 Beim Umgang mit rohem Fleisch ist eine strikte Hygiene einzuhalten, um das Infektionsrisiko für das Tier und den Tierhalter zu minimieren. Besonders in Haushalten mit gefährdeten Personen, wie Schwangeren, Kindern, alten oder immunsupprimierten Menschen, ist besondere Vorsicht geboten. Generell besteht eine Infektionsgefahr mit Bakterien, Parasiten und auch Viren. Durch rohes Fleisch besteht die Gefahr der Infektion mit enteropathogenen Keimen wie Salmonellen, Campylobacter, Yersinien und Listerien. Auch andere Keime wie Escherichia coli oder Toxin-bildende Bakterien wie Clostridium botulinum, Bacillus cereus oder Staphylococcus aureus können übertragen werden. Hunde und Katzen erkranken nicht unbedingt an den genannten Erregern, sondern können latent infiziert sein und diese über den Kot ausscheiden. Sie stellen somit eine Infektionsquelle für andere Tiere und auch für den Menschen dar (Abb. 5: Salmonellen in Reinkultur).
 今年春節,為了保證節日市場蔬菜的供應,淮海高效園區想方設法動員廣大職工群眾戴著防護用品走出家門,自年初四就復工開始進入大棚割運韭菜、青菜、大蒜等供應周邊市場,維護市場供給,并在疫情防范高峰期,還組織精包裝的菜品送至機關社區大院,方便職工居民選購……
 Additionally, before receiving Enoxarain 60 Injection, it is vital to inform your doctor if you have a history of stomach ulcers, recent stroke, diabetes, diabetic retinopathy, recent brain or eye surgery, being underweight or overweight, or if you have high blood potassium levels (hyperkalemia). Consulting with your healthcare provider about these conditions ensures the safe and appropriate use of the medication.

---*---

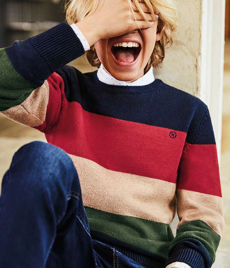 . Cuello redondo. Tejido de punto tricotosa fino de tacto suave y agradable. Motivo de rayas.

---*---

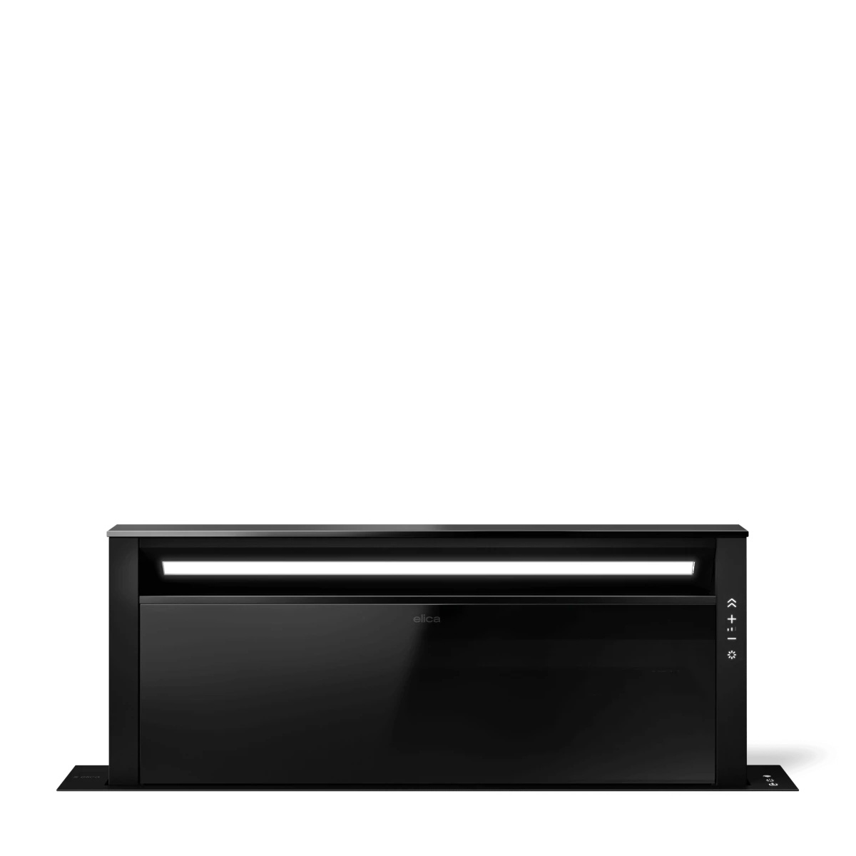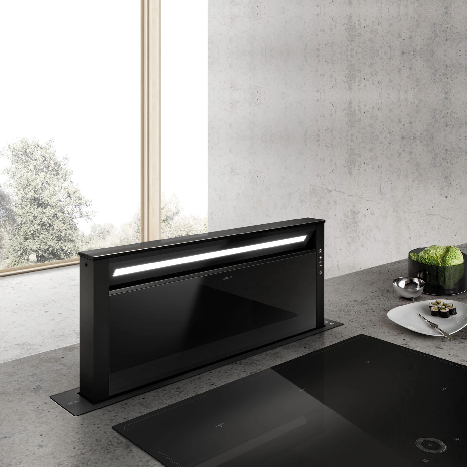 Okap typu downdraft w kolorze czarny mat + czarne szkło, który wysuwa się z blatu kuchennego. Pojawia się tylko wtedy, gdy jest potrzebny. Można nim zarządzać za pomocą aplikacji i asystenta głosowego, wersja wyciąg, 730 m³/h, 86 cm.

---*---

### Work task
Retype only this portion of the data above: the line containing "Beim Umgang mit", the line containing "今年春節,為了保證節日市場蔬", and all lines between them, exactly.

### Solution to this task
 Beim Umgang mit rohem Fleisch ist eine strikte Hygiene einzuhalten, um das Infektionsrisiko für das Tier und den Tierhalter zu minimieren. Besonders in Haushalten mit gefährdeten Personen, wie Schwangeren, Kindern, alten oder immunsupprimierten Menschen, ist besondere Vorsicht geboten. Generell besteht eine Infektionsgefahr mit Bakterien, Parasiten und auch Viren. Durch rohes Fleisch besteht die Gefahr der Infektion mit enteropathogenen Keimen wie Salmonellen, Campylobacter, Yersinien und Listerien. Auch andere Keime wie Escherichia coli oder Toxin-bildende Bakterien wie Clostridium botulinum, Bacillus cereus oder Staphylococcus aureus können übertragen werden. Hunde und Katzen erkranken nicht unbedingt an den genannten Erregern, sondern können latent infiziert sein und diese über den Kot ausscheiden. Sie stellen somit eine Infektionsquelle für andere Tiere und auch für den Menschen dar (Abb. 5: Salmonellen in Reinkultur).
 今年春節,為了保證節日市場蔬菜的供應,淮海高效園區想方設法動員廣大職工群眾戴著防護用品走出家門,自年初四就復工開始進入大棚割運韭菜、青菜、大蒜等供應周邊市場,維護市場供給,并在疫情防范高峰期,還組織精包裝的菜品送至機關社區大院,方便職工居民選購……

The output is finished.